CFC size seems to be a problem with lucee and apar...
# lucee
g
CFC size seems to be a problem with lucee and apart from splitting the file into a series of includes, are there any other practices or advice that would result in this being less of a problem ?
a
This is probably most likely a design issue. Rather that split it into multiple includes, assess how much of the code in the CFC actually belongs together. I bet ya ten quid it's not adhering to the Single Responsibility Principle.
g
Thanks, but not helpful
a
Come again? You specifically asked "are there any other practices or advice that would result in this being less of a problem". The practice of following industry-standard design principles is precisely a solution to your problem. It's kinda why they exist. Its kinda why Java can figure "it's OK for us to have this ceiling on our class sizes, because it's more than likely anything going over this (pretty generous ~) threshold could probably benefit from a bit of refactoring". There is no answer that is "pass this setting to the compiler to get you off the hook", if that's what you are after. Your code has become too big. Make it more manageable.
You have kinda framed the question wrong maybe. It's not "CFC size seems to be a problem with lucee". Its just "CFC size seems to be a problem".
g
Thanks, I'll keep that in mind
a
I dunno of any other approach. Like say "use CFML construct x instead of CFML construct y because that compiles to less byte code", I doubt there'll be much gain here even if you could work it out. And it doesn't sound like a great approach even if it was the case.
Might be worth decompiling the generated class file and seeing if there's any trend in the Java that indicates what might be contributing? EG maybe the CFC is mostly
<cfquery>
stuff, and you've just added in some stuff that processes some XML, so whilst the CFML is a one-liner around the XML, perhaps all the shiz that needs to be included to support the XML operations is quite large (random baseless example to illustrate the point). Seems like a lot of effort compared to ripping some stuff out into another CFC though.
g
Lucee mentions something about not being able to split the CFC, like it's tried and failed for some reason, thought maybe there was a way to allow lucee to successfully split the CFC, like not using CFC variables or something
a
Maybe. It's probably the coupling between the methds. If there were some methods that didn't call each other, they could probably be separated into separate [things] under the hood. That's a total guess though, I've never seen that error so never had to troubleshoot it.

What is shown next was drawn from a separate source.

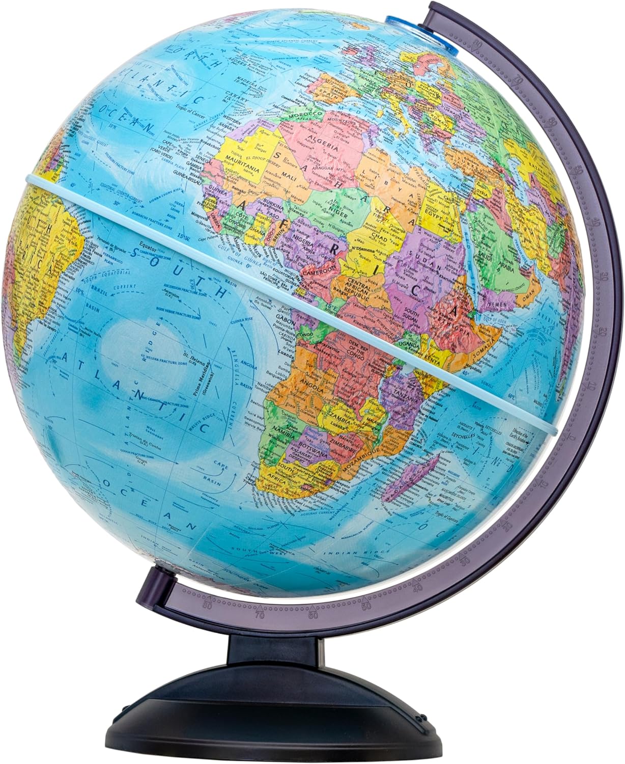 Replogle Easy to Assembel 12" Diameter Globe, USA Cartography with Raised Mountain Relief and Sturdy Base. Lightweight and durable, this 12” antique ocean globe is a great tool for students. The smoke black molded base and semi-meridian are scratch resistant and strong. The globe is very easy to assemble and comes with detaled instructions. In minutes you will have this globe assembled and ready for use.

Are your methods quite long in general (say... >50 lines)? Maybe they're a bit "busy" so Lucee can't work its refactoring strategy? Poss look to try to apply the Single Responsibility Principle to a couple of your longer methods, and extract bits of functionality out into smaller private methods. It might give Lucee a chance to work out what to do.
How good is your test coverage? How risky is some refactoring within the CFC itself?
g
It's weird, because I have a script that puts every function into an include and then rewrites a copy of the original CFC to use those includes, and it all works fine, but it's a tough workflow to setup
a
Yeah includes are discretely compiled. It's really not a great design strategy compared with using separate CFCs though I'm afraid. It only addresses things from a LOC perspective rather than a concept (and LOC) perspective. I've not looked for ages but CF used to compile every function separately (so each function had the class-size threshold), and I can remember Lucee (or poss Railo) poopooing that idea.
r
How many lines are you hitting this issue at? I'm just curious.